§ Information shown:
◆ ◆ ◆

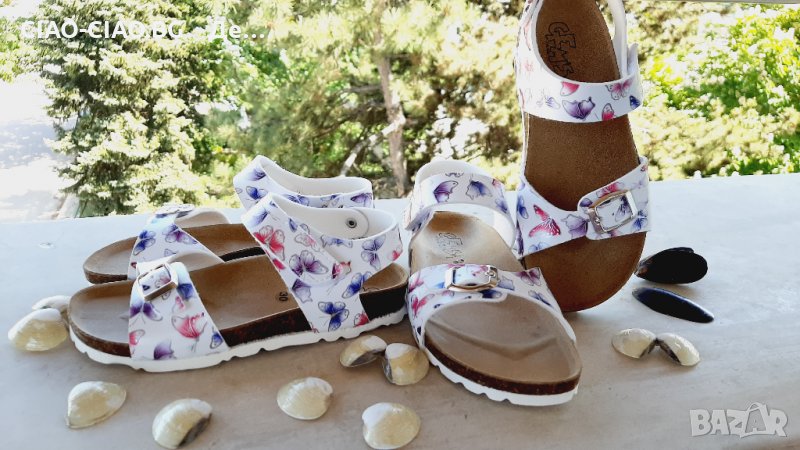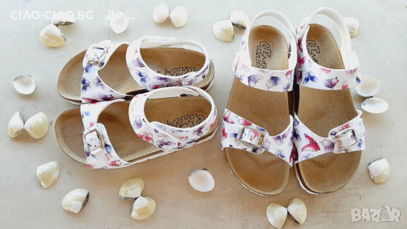 №31,34,35, Сандали за момиче GEM'S бели с розови и лилави пеперуди
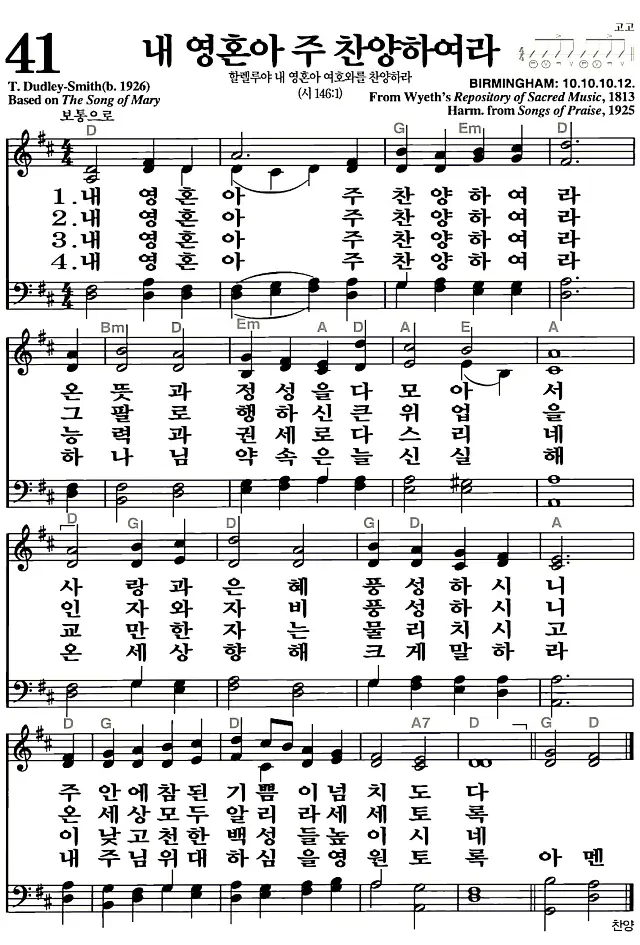 새찬송가 악보: 41장 내 영혼아 주 찬양하여라(고화질/가사)
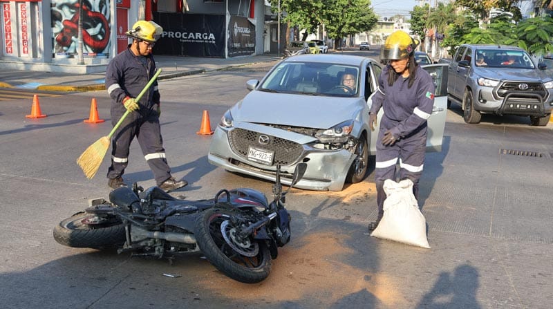 En el percance estuvieron involucrados una motocicleta Bajaj Pulsar N-250 color negro y conducida por Abisai García Solís, de 31 años, y un vehículo Mazda 2, modelo 2023, color plata y conducido por Gloria Verónica Burelo Fernández.
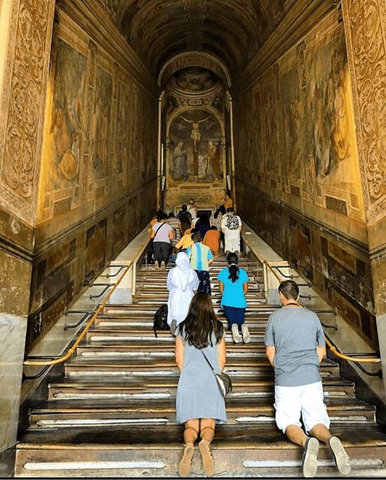 After our pilgrimage to walk through all four Holy Doors in Rome, my niece Rica Lopez-de Jesus and I decided to visit the Holy Steps. Strangely enough, my four years of living in Rome never led me here. That was over 30 years ago, and I realize now that my priorities were very different back then.

◆ ◆ ◆

§ Prompt:
Each line from the line containing "새찬송가 악보: 41장 내 영혼아 주 찬양하여라(고화질/가사)" through the final line of the data above must be retyped exactly; nothing else, and no pictures, may appear.

§ Task answer:
 새찬송가 악보: 41장 내 영혼아 주 찬양하여라(고화질/가사)
 En el percance estuvieron involucrados una motocicleta Bajaj Pulsar N-250 color negro y conducida por Abisai García Solís, de 31 años, y un vehículo Mazda 2, modelo 2023, color plata y conducido por Gloria Verónica Burelo Fernández.
 After our pilgrimage to walk through all four Holy Doors in Rome, my niece Rica Lopez-de Jesus and I decided to visit the Holy Steps. Strangely enough, my four years of living in Rome never led me here. That was over 30 years ago, and I realize now that my priorities were very different back then.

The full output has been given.